Pinkerton detective says tip about missing restaurant worker leads nowhere; café owner denies any basis for the rumor
Harry Scott of the Pinkerton Agency said Thursday that information obtained by his agency regarding a Greek restaurant helper who had allegedly disappeared following the killing of Mary Phagan had proved to have no foundation.
"It was a blind clue," he said. "We were unable to find that anyone was missing from the restaurant. Neither were we able to locate the supposedly missing person in Anniston, Alabama, where our information said he was."
George Pappas, proprietor of the Busy Bee Café at the corner of Hunter and Forsyth Streets, addressed the rumor directly Thursday morning, saying there was no basis for any story involving anyone at his establishment.
"There was no one working in the restaurant at the time of the murder except my brother, Stamates Pappas, and myself, and as you can see, we are both still here," he said.
Girl Not Known There
"Furthermore, instead of anyone going away, we have just hired another man to wait in the café. He came here last Saturday and is still here.

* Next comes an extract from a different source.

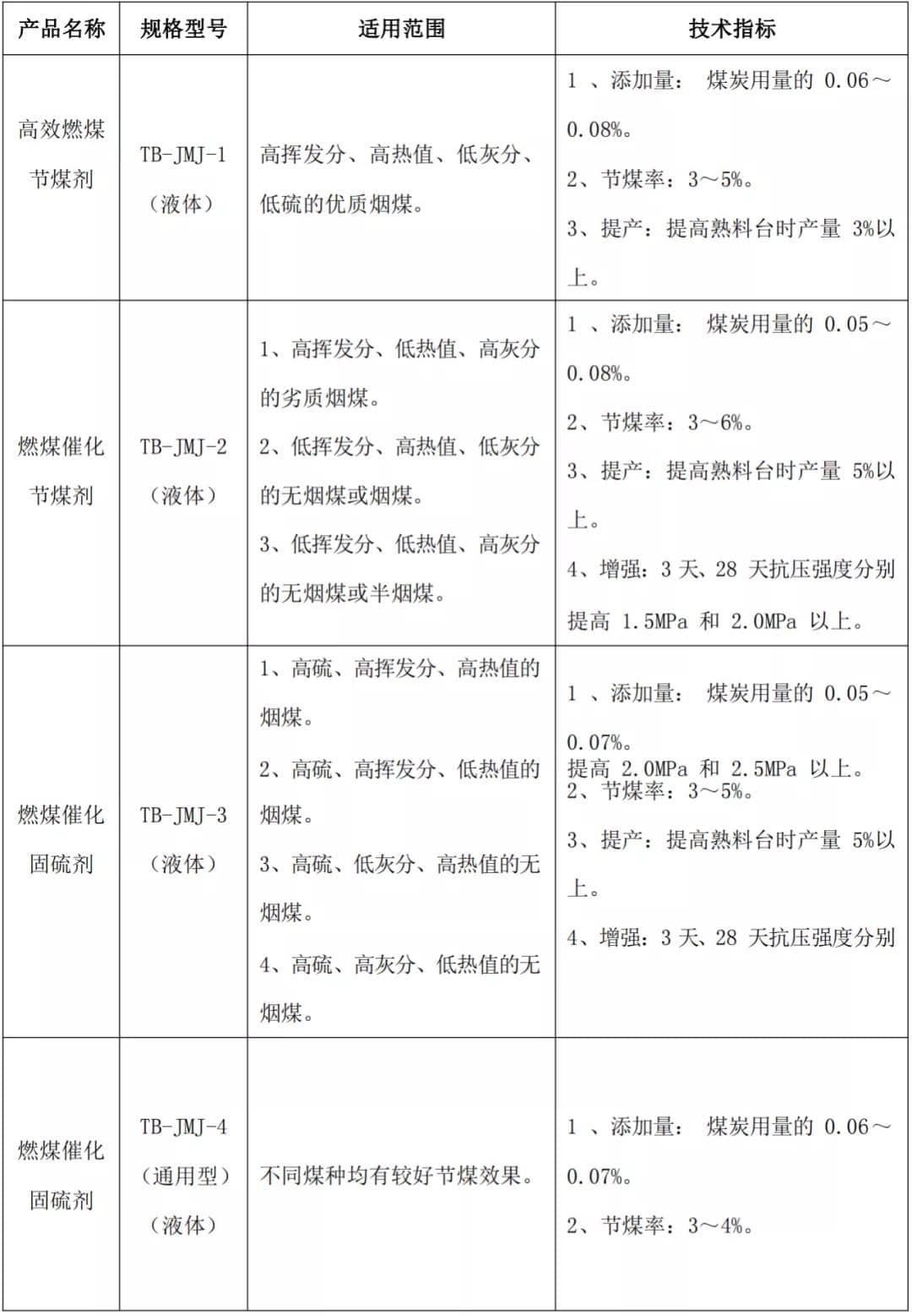 燃煤助燃固硫劑為遼寧天寶的專利產(chǎn)品,據(jù)了解,用戶使用 TB-JMJ 燃煤助燃固硫劑系列產(chǎn)品可使噸熟料實物煤耗(或標(biāo)準(zhǔn)煤耗)降低 2~5%。
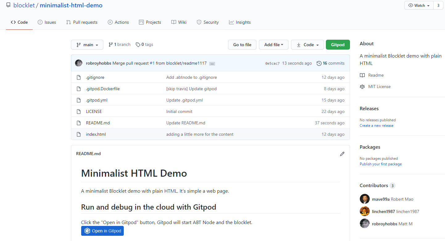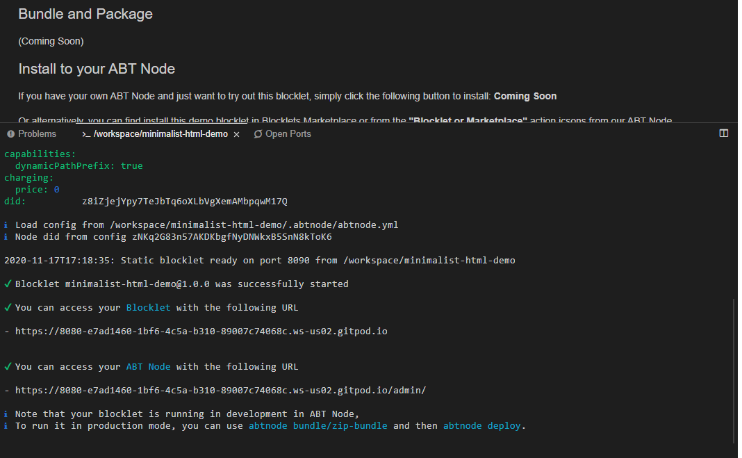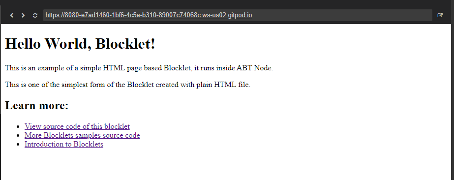 - Click on the [Open in Gitpod](https://gitpod.io/#https://github.com/blocklet/minimalist-html-demo) button and your cloud developer environment will automatically launch in your browser.

"So far as the pencil factory and the murder of the girl is concerned, I do not know anything about it at all. I did not even know the girl by sight. Once in a while some of the girls came in here to get a little lunch, but I did not know any of them by name and could not say positively that they worked over there at all.
"I have never been in the pencil factory but twice in my life: once on the Sunday the girl was found dead, and once before that to retrieve some dishes that had been sent over with a lunch order for one of the factory's men."
Asked about the practice of sending food into the factory and whether anyone in his employ might have become familiar with the interior of the building, Pappas said they very seldom sent orders over, as they had only two men working and orders typically came in around noon when the café was too busy to send anything out.
Frank There for Cup of Coffee
Describing the movements of himself and his brother around the time of the murder, Pappas said his brother left the café around 7:30 in the evening to rest before their Easter observance, as they were expected at church that night and would be up for most of it. Pappas himself closed the café around 11:30, went out briefly, returned to bathe and dress, and at about 1 o'clock in the morning his brother came by and the two went together to the Easter service.
His brother returned to the café before him and had the place open when Pappas arrived shortly before 8 o'clock Sunday morning. Not long after, someone came in and said something had happened at the pencil factory. Pappas stepped outside and asked a policeman standing nearby, who told him there had been some kind of trouble at the factory involving a robbery and a killing.